DOMINANCE (#4) is the heat friend. Here’s the thing, though—when July–August conceptions sag on sand‑bedded freestalls in Michigan or the I‑29 corridor (humid and ugly, again), bias your matings FI‑positive and let DOMINANCE cover you without giving up much else.
ZURI (#5) daughters are Fancy enough for photos—he’ll clean up a sale catalog spread—but he won’t drain the tank. If you’re selling bred heifers or showy replacements, you already know why ZURI’s on the order sheet. And in fair season… well, it doesn’t hurt to have a little extra style walking through the ring.
POWERSTAR (#6) and BENEFIT (#7) are the quiet moneymakers. These two don’t flood social feeds, but they harden SCS and extend lifetime production. The feedback out of Minnesota sand barns has been pretty consistent: fewer mastitis events per 100 cows and just… easier third lactations. Not glamorous. Very profitable. What’s happening in those herds is simple—cleaner quarters through second freshening and fewer Thursday afternoon treatments when your feeder calls in sick.

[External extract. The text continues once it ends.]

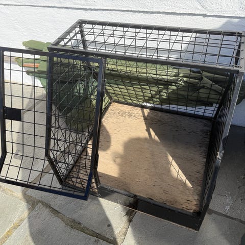 Ene buret har en skade på ene bakplata, kan ses på bildet. Mangler nøkkel til buret.
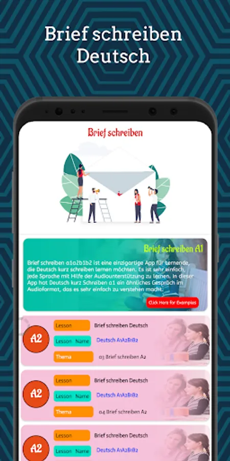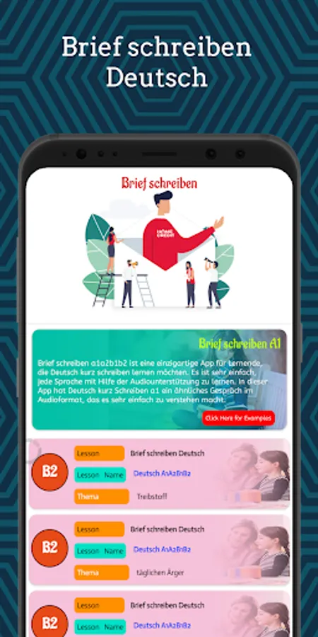 Hier finden Sie Briefe zu verschiedenen Themen und lernen, wie man Briefe schreibt. Dann werden Ihnen diese Briefe bestimmt weiterhelfen! Wenn Sie bereits Brief schreiben Deutsch A1, Brief schreiben Deutsch A2 verwendet haben, wird Ihnen diese App sehr helfen. Diese Anwendung wird Ihnen viel helfen. Hier finden Sie Deutschprüfungen für das Sprachniveau Deutsch B2. Mit diesen Musterprüfungen können Sie sich auf Ihre Deutschprüfung vorbereiten.

You can feel the stress go down.
What I’d change tomorrow (and yeah, this is the part we’ll argue about in the hallway at World Dairy Expo)
- Set a summer FI (Fertility Index) floor. Nothing heroic—just refuse to go negative in July–September on your high‑risk pens. It pays for itself in services saved and fewer do‑not‑breeds. If you’ve got a stubborn dry‑lot or a parlor that runs hot in the p.m., you’ll thank yourself.

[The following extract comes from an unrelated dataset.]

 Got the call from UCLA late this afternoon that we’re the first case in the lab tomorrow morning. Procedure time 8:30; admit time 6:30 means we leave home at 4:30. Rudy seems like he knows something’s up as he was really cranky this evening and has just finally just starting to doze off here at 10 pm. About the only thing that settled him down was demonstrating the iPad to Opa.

- Move 25–35% of the heifer matings into the GARZA/DOMINANCE/SHEEPSTER lane while it’s this balanced. Keep CAPTAIN in the rotation—of course, you will—but don’t forget your outcross valves. An extra half‑step toward FI‑positive and low‑SCS this quarter is cheap insurance.
- Aim POWERSTAR/BENEFIT at your SCC‑trouble strings and those “nearly there” third‑lactation cows. It’s the least sexy allocation on paper and the most satisfying on a Wednesday when everything just milks.

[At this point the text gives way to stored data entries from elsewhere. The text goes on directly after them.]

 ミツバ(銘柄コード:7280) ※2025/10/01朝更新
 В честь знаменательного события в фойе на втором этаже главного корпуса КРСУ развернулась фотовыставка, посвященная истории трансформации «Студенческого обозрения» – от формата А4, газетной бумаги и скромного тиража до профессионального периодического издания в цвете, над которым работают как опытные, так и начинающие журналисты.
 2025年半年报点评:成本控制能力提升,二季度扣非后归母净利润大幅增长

- Watch inbreeding like a hawk. Not fear—just discipline. Current trends suggest the herds that keep two outcross sire lines active alongside their favorite CAPTAIN sons see fewer repro drags mid‑summer and cleaner calvings in January. It’s boring. It works.
A few regional notes while we’re here
High corn‑silage Southern Plains herds are telling me SHEEPSTER settles into box flow fast if you don’t slam the early‑lactation starch. In the Upper Midwest, where sand‑bedded freestalls meet cold‑weather ventilation quirks, POWERSTAR daughters look like the kind you forget because they never hit a treatment list. And out West, in those big dry‑lot setups, DOMINANCE pairs nicely with heat abatement that’s “good but not perfect” (which is most of us… let’s be honest).
If you’re robot‑heavy in Quebec or Michigan, test a small group with SHEEPSTER and one with GARZA and just track reattachments, unit‑kick events, and post‑milking SCC for six weeks. You’ll know quickly whether the start‑up behavior matches the chatter.
The Bottom Line
This development is fascinating because August didn’t dethrone CAPTAIN’s influence at all—it gave you better exits so you don’t paint yourself into a corner. GARZA adds speed you can actually live with. SHEEPSTER steadies the robot start. DOMINANCE props up fertility on those ugly humidity runs. POWERSTAR/BENEFIT turn flashy 2‑year‑olds into profitable 5‑year‑olds. Mix those lanes. Guard your relationships. And… permit yourself to be boring where it counts (udder health, FI floors, third‑lactation survivability).